Content starts
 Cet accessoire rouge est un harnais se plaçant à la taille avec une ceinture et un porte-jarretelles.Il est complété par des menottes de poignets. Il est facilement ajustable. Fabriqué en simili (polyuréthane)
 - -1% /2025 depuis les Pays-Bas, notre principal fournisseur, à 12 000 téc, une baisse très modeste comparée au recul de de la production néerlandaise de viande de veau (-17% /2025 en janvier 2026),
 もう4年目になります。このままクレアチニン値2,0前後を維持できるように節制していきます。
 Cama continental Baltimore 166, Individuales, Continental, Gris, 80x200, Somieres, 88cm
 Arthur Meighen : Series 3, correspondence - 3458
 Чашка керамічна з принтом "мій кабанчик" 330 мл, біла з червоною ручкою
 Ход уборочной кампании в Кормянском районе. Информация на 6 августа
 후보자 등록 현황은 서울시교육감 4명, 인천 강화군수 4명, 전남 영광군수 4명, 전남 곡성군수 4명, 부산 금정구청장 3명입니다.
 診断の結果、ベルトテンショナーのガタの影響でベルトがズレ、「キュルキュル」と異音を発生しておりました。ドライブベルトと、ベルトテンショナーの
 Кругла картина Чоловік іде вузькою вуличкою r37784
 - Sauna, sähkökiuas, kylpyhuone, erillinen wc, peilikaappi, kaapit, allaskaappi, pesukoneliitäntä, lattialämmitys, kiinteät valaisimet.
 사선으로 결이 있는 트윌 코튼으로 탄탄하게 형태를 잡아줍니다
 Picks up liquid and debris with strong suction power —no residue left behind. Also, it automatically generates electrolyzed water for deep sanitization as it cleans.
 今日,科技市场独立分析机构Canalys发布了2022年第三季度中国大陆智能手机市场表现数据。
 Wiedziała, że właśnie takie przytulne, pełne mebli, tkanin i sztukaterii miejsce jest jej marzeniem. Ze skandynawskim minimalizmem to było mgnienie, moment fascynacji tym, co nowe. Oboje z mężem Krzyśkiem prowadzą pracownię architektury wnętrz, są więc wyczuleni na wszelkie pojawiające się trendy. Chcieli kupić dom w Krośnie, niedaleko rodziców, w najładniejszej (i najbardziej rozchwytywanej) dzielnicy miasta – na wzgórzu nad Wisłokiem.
Content ends
Begin with the line that contains "もう4年目になります。このま" and set down each line exactly until the records above end, including the final line.

SOLUTION BELOW:
 もう4年目になります。このままクレアチニン値2,0前後を維持できるように節制していきます。
 Cama continental Baltimore 166, Individuales, Continental, Gris, 80x200, Somieres, 88cm
 Arthur Meighen : Series 3, correspondence - 3458
 Чашка керамічна з принтом "мій кабанчик" 330 мл, біла з червоною ручкою
 Ход уборочной кампании в Кормянском районе. Информация на 6 августа
 후보자 등록 현황은 서울시교육감 4명, 인천 강화군수 4명, 전남 영광군수 4명, 전남 곡성군수 4명, 부산 금정구청장 3명입니다.
 診断の結果、ベルトテンショナーのガタの影響でベルトがズレ、「キュルキュル」と異音を発生しておりました。ドライブベルトと、ベルトテンショナーの
 Кругла картина Чоловік іде вузькою вуличкою r37784
 - Sauna, sähkökiuas, kylpyhuone, erillinen wc, peilikaappi, kaapit, allaskaappi, pesukoneliitäntä, lattialämmitys, kiinteät valaisimet.
 사선으로 결이 있는 트윌 코튼으로 탄탄하게 형태를 잡아줍니다
 Picks up liquid and debris with strong suction power —no residue left behind. Also, it automatically generates electrolyzed water for deep sanitization as it cleans.
 今日,科技市场独立分析机构Canalys发布了2022年第三季度中国大陆智能手机市场表现数据。
 Wiedziała, że właśnie takie przytulne, pełne mebli, tkanin i sztukaterii miejsce jest jej marzeniem. Ze skandynawskim minimalizmem to było mgnienie, moment fascynacji tym, co nowe. Oboje z mężem Krzyśkiem prowadzą pracownię architektury wnętrz, są więc wyczuleni na wszelkie pojawiające się trendy. Chcieli kupić dom w Krośnie, niedaleko rodziców, w najładniejszej (i najbardziej rozchwytywanej) dzielnicy miasta – na wzgórzu nad Wisłokiem.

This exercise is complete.